----- INPUT FOR THIS TASK -----

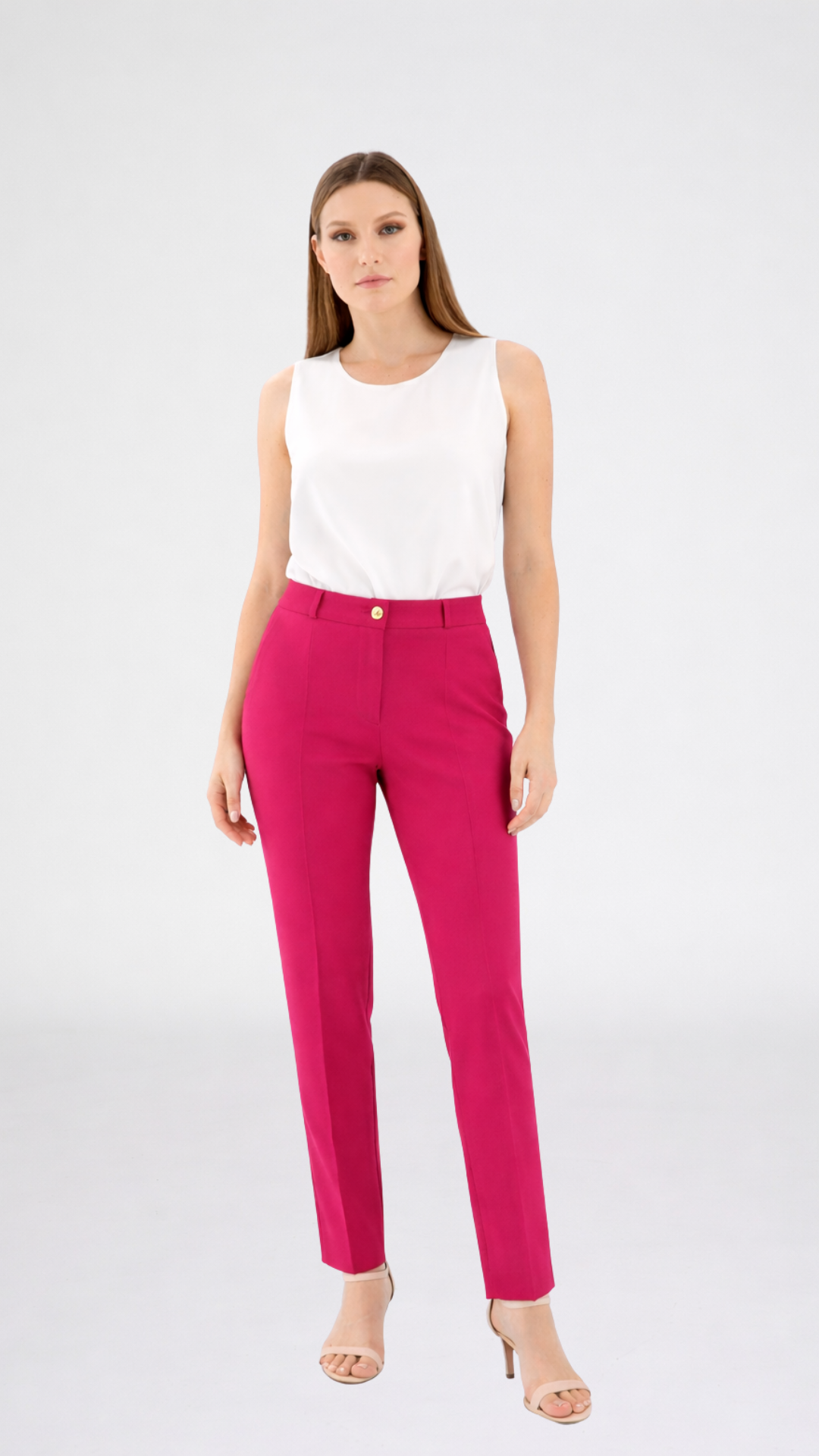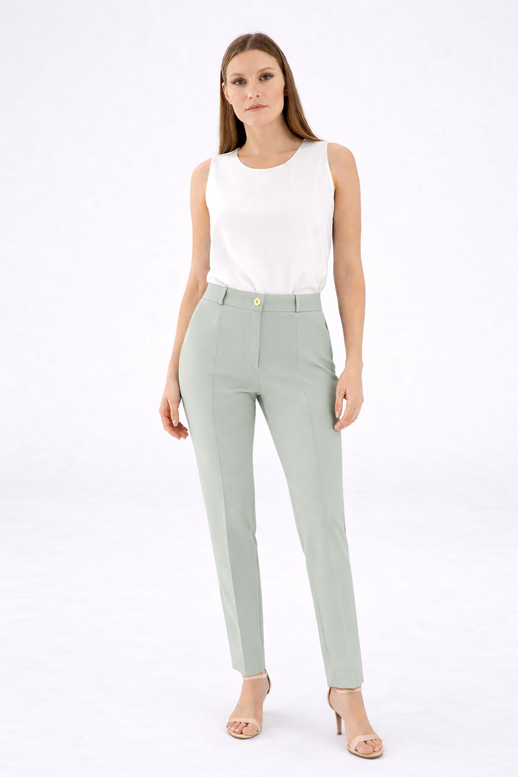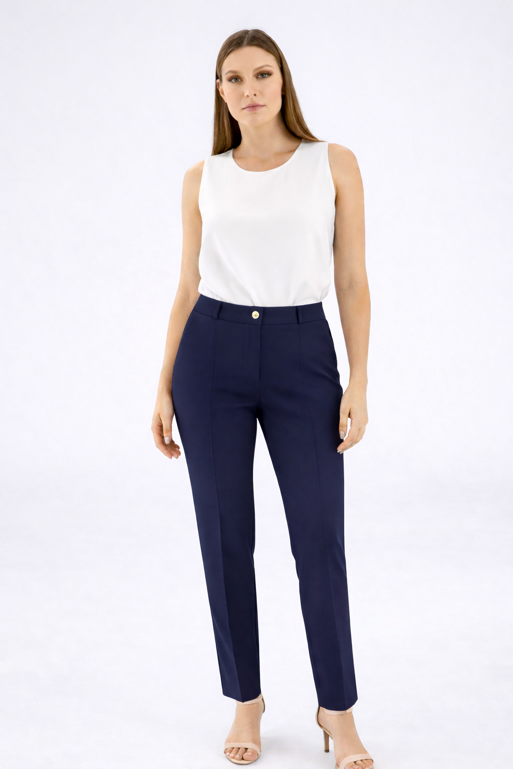 Pantalone capri in cadì. Tessuto fluido e strutturato. Design dritto. Vita regolare. Lunghezza capri alla caviglia. Vestibilità regolare. Linea elegante e contemporanea. Finiture curate. Chiusura con zip e bottone. Capo femminile e versatile. Ideale per look sofisticati da giorno o outfit eleganti.
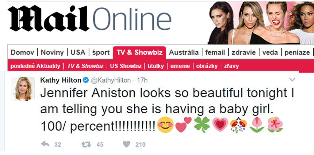 "Jennifer Aniston vyzerá dnes nádherne. Hovorím vám, že čaká dievčatko. Na 100 percent," napísala na Twitteri počas oscarovej noci matka Paris Hilton Kathy Hilton. Príspevok na sociálnej sieti ihneď vyvolal davové šialenstvo. Fanúšikovia krásnej 48-ročnej herečky boli nadšení a zaplavili ju gratuláciami.
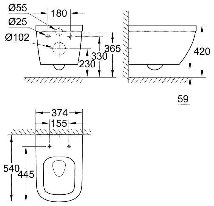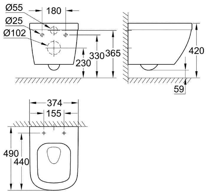 Grohe Bau Ceramic 39346000 с вертикальным выпуском
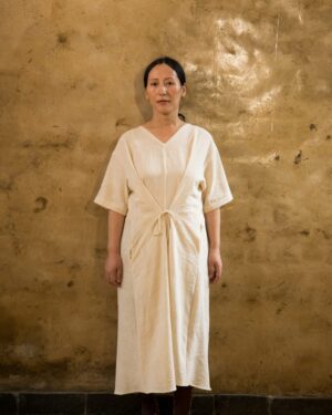 Everyday comfort with this V-neck, drawstrings lazy dress. Wear it from the front or back. Loose and breezy for a balmy day/ night out. Colors available.; Craft: Handloom Weaved, Material: Lotus Silk, Return Policy: Non-Returnable, Shipping: 8 to 10 Working Days, Fit: Loose, Occasion: Casual, Sleeve: Yes, Care Description :"Washing Instructions: Fill your bucket with cold water, turn your Lotus silk item inside out, and submerge it. It comes to washing your Lotus silk item, your best bet is to use a high-quality liquid detergent. Add a few detergent drops into the water and stir it well, then leave your item in the solution for three minutes. Gently pull your garment up and down for three to five minutes to remove any dirt. Take your garment out from the sink, drain off the water, and rinse under cold water until the detergent has been completely washed out. Never wash with
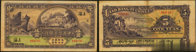 民国十五年(1926年)中国垦业银行伍圆,上海地名,加印领券“正”字,PMG-30分,为《中国华商纸币图说》第94页原物,纸张硬挺厚实,纹理清晰,原汁原味,八成新,曾拍出32200元。

-----

### YOUR GOAL
Please set down the lines from the one with "zaplavili ju gratuláciami." to the end of the entries above, exactly as they are, and drop every picture.

### RESULT
 "Jennifer Aniston vyzerá dnes nádherne. Hovorím vám, že čaká dievčatko. Na 100 percent," napísala na Twitteri počas oscarovej noci matka Paris Hilton Kathy Hilton. Príspevok na sociálnej sieti ihneď vyvolal davové šialenstvo. Fanúšikovia krásnej 48-ročnej herečky boli nadšení a zaplavili ju gratuláciami.
 Grohe Bau Ceramic 39346000 с вертикальным выпуском
 Everyday comfort with this V-neck, drawstrings lazy dress. Wear it from the front or back. Loose and breezy for a balmy day/ night out. Colors available.; Craft: Handloom Weaved, Material: Lotus Silk, Return Policy: Non-Returnable, Shipping: 8 to 10 Working Days, Fit: Loose, Occasion: Casual, Sleeve: Yes, Care Description :"Washing Instructions: Fill your bucket with cold water, turn your Lotus silk item inside out, and submerge it. It comes to washing your Lotus silk item, your best bet is to use a high-quality liquid detergent. Add a few detergent drops into the water and stir it well, then leave your item in the solution for three minutes. Gently pull your garment up and down for three to five minutes to remove any dirt. Take your garment out from the sink, drain off the water, and rinse under cold water until the detergent has been completely washed out. Never wash with
 民国十五年(1926年)中国垦业银行伍圆,上海地名,加印领券“正”字,PMG-30分,为《中国华商纸币图说》第94页原物,纸张硬挺厚实,纹理清晰,原汁原味,八成新,曾拍出32200元。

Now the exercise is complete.